B. Luminant and Contributor desire to amend the Agreement on the terms
and subject to the conditions set forth herein.
C. All of the Other Founding Companies and their stockholders or
members have simultaneously executed and delivered amendments to each of their
respective Other Agreements.
NOW, THEREFORE, in consideration of the agreements set forth herein,
and other good and valuable consideration, the receipt and adequacy of which are
hereby acknowledged, the parties hereto hereby agree as follows:
1. Capitalized terms used but not defined herein shall have the meanings
ascribed to them in the Agreement. The term "Shares" means shares of Luminant
Common Stock. The term "Initial Holdings" means the number of Shares issued to
Contributor at the Closing. All defined terms in the Agreement using the word
"Clarant" are hereby revised to use the word "Luminant."
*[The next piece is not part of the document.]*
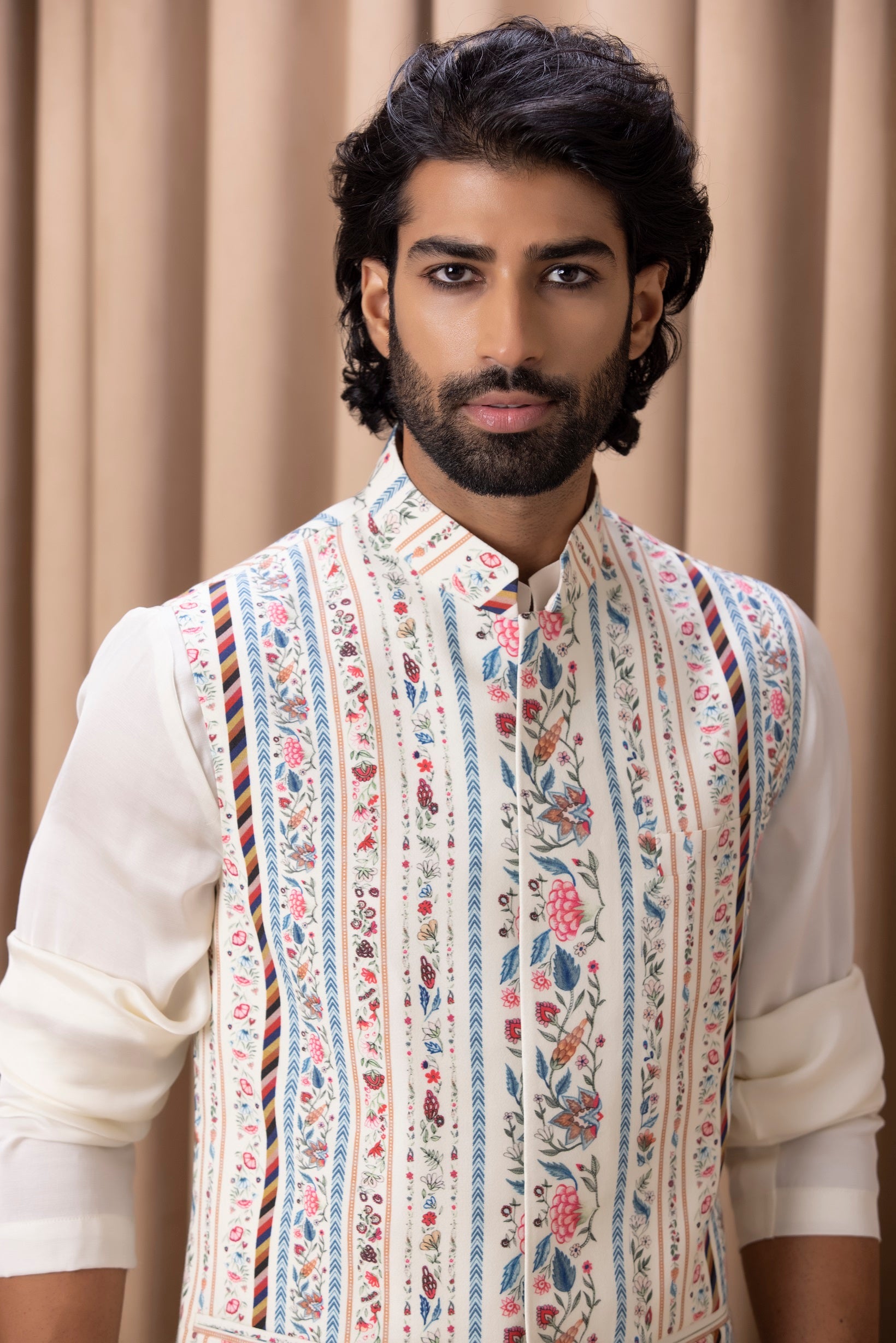 | Featuring a contemporary printed ivory nehru jacket with delicate hand painted designed motifs. Perfect for any indoor or outdoor occasion. Pair it up with Ankit V Kapoor's ivory Kurta Set |

2. The Agreement is amended to provide that the references in the Agreement to
"this Agreement" or "the Agreement" (including indirect references such as
"hereunder," "hereby," "herein" and "hereof") shall be deemed to be references
to the Agreement as amended hereby. To the extent that any provisions of the
Agreement as in effect prior to the effectiveness of this Amendment conflict
with or contradict the provisions of this Amendment, the provisions of this
Amendment shall control and shall supersede such inconsistent provisions.
3. Article 3 is hereby amended by adding a new Section 3.4 and Section 3.5 to
read as follows:
3.4 SALE AND PURCHASE OF SHARES AT IPO. At the closing of the IPO,
Luminant agrees to sell to Contributor, and Contributor agrees to
purchase from Luminant, shares of Luminant Common Stock, at the IPO
price per share, with an aggregate value equal to fifteen million
dollars ($15,000,000). The Underwriters' discount for the transaction
described in this Section 3.4 shall not exceed four percent (4.0%) and
shall be paid by Luminant.
3.5 ISSUANCE OF NON-VOTING COMMON STOCK; EXCHANGE OF VOTING
COMMON STOCK FOR NON-VOTING COMMON STOCK.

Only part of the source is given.